I never find morrels when I look for them. Only when I trout fish or turkey hunt.


----------



## No-Bama (Jan 1, 2013)

Lumberman said:


> Already have a thermacel so no worries there. Haha.
> 
> And probably to early for morels. I'm a much better Morel hunter then I am a turkey hunter. Lol


Wow.....that's a big haul of morels!


----------



## thegospelisgood (Dec 30, 2012)

ezcaller said:


> 1. Box call is the easiest to learn by yourself. Slate and peg is more realistic with a little more effort.
> 
> 2. Any mast, acorns beechnuts. Turkeys are going to eat what is available. Early spring, not many bugs yet so they will scratch out any left over seed and most things that are greening up. If you don't have any thing that looks like a food source. Concentrate on travel areas. River bottoms or ridges.
> 
> 3. Seeing birds in the fall can be very little help for spring hunting. There is still natural food left and birds should be moving to winter food sources. Winter bird sightings will help you more because birds will stay on that food source until its gone or lack of snow helps start the spring dispersal. If you have a winter flock you can sometimes follow the topography they might travel as they look for food and nesting areas.


^^this

Although for calling I started on the "Raspy Old-Hen" from HS. I got pretty good with it watching videos and driving the wife and co-workers nuts making turkey calls in the cubicles. Good times...best part is I work in a social work office so people really have NO CLUE what it is...


----------



## Lumberman (Sep 27, 2010)

Ended up going with a slate call. I watched a few YouTube videos and have been practicing a little. I don't think I'm any threat of ever winning the turkey calling championship. Haha. 
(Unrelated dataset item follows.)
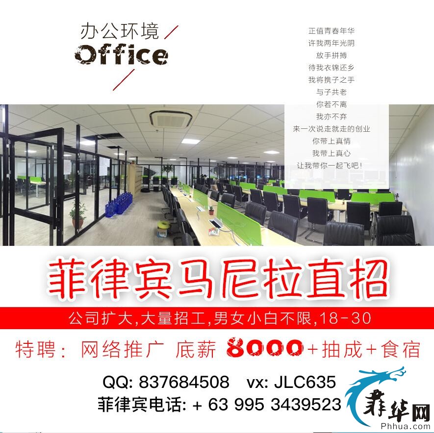 公司地址:pasay {趴赛} 101附近 1:进公司就是正员工,不用试用期 2、底薪8000元RMB, 8000加抽成,抽成按照个人代理线打码量的千分之一。 3、推广资源不用自己去找,公司有资源给推广部门, 4.工作时 ...
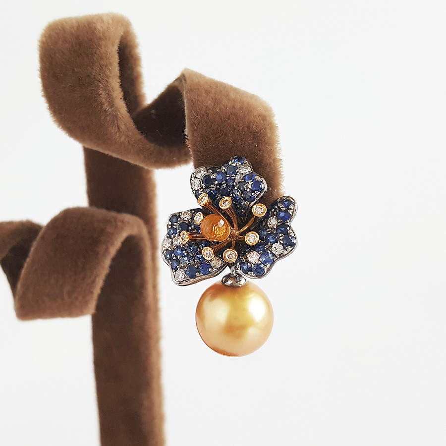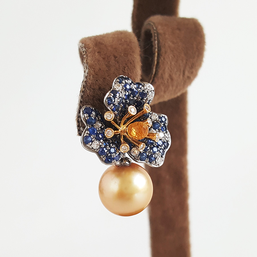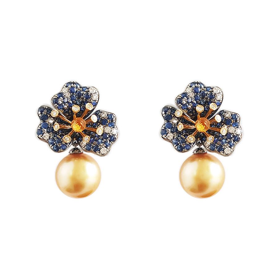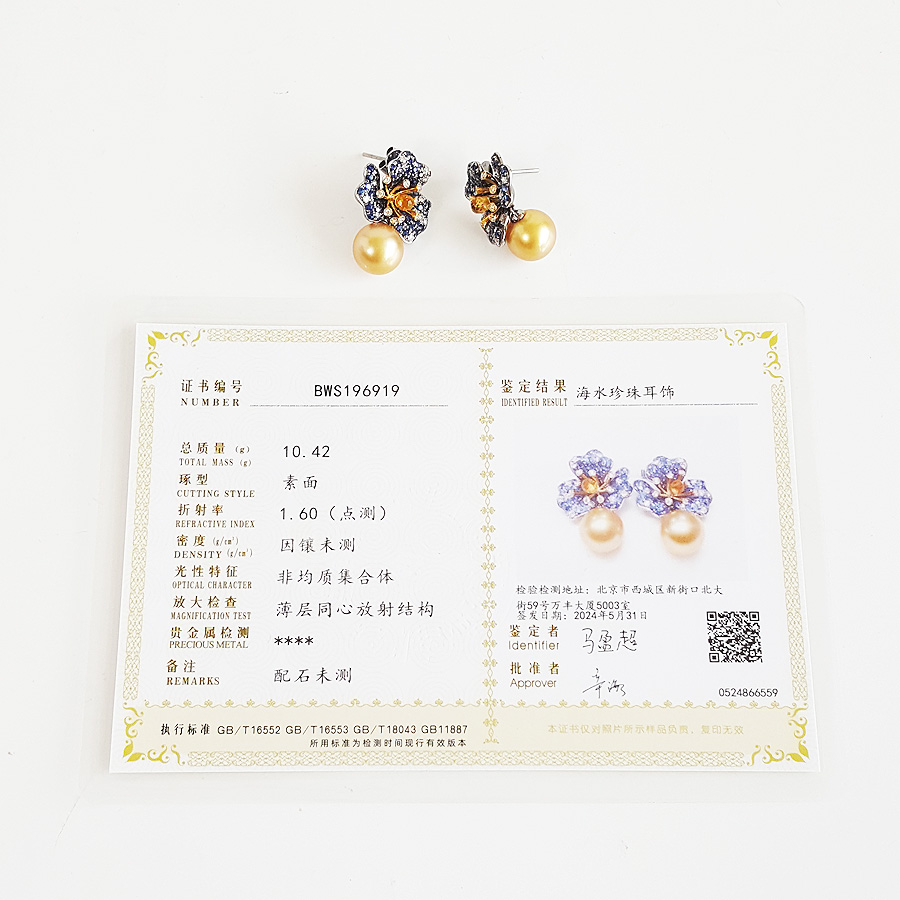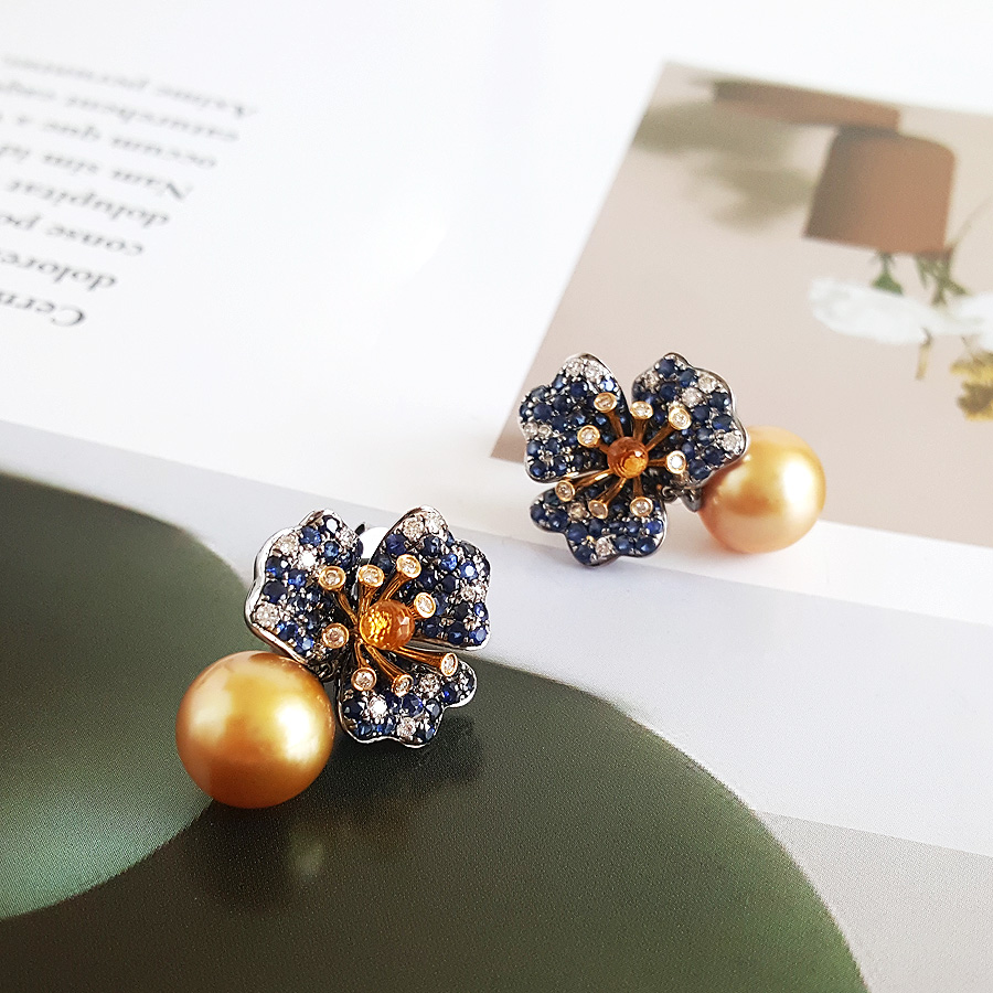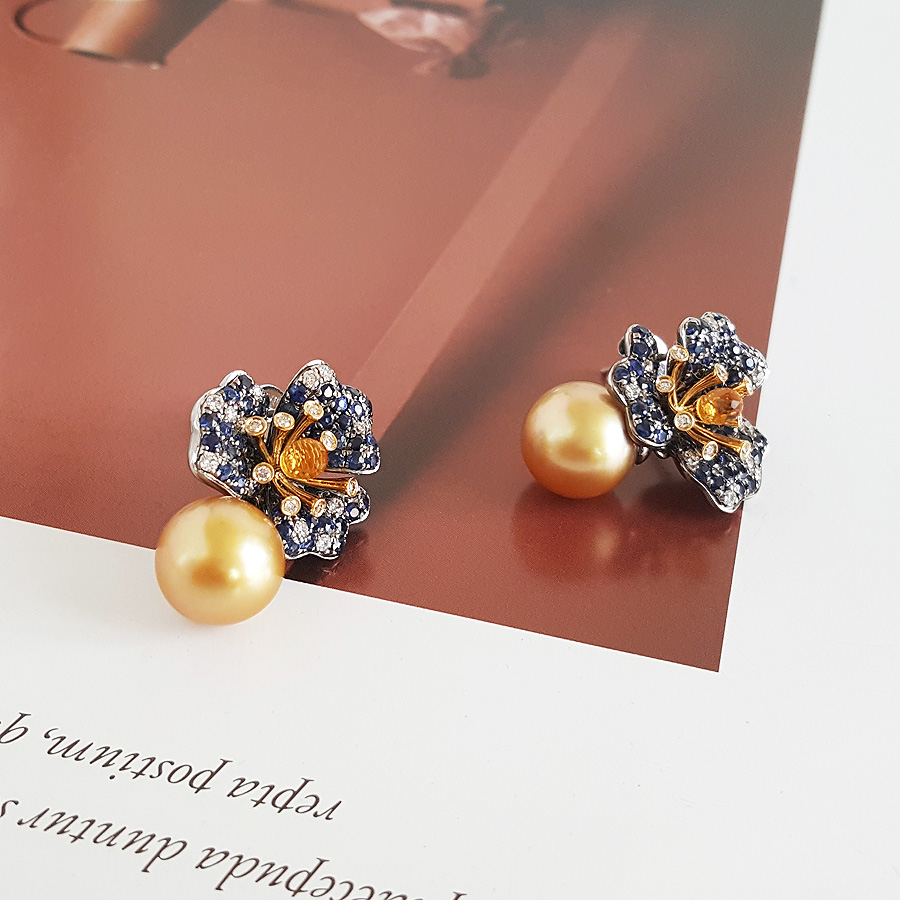 名称 | AU750收藏级黑金镶天然约9.8MM浓金海水珍珠花朵耳环 |

But I am getting better slowly. 

I'll be using my Benelli supernova with 31/2 inch shells. I picked up a jelly head choke tube at cabelas the other day. But now I wondering if I even need it because my regular full Benelli choke shoots some fairly tight groups. 

If it's not necessary for $70 I might take it back. Thoughts. 

I've been shooting 31/2 inch longbeard XRs. 6 shot.


----------



## Kennybks (Mar 29, 2010)

Good choice for a call. Use of a diaphragm mouth call will give you the ability to seal the deal without motion. They're cheap, so if you don't have confidence you won't feel bad throwing it away.

$70.00 is a bit pricey unless you're dead set on using it. I'd just use the full choke and pattern several rounds until you find the best coverage. 

Instead of focusing on long range, concentrate on calling, blending in and being motionless and fooling that bird until he's close enough you could use a .410 or your compound without worry. 

That's when it really leaves a smile on your face.


----------



## Lamarsh (Aug 19, 2014)

Your deer hunting strategies will do you well in the turkey woods. The fact that you apparently already have some patterned may pay enormous dividends. Believe it or not, you're a step ahead of most guys that will be buying a turkey tag this spring. 

To answer your specific questions:

(1) Box call. It is not only the easiest to use, but IMO it is the best overall call in terms of sounds. Do I use a slate call to make certain sounds that my box call can't make? Sure. But IMO you don't need a slate call, and I've harvested plenty of toms with just a box call. A mouth diaphram can be useful when bow hunting, or if you need to compel a tom to gobble in order to adjust your body to take a shot, but otherwise I do not think they are necessary. I also use owl and crow calls to locate turkeys when I don't want to necessarily cause them to step down from their roost (i.e., before or after hunting hours). 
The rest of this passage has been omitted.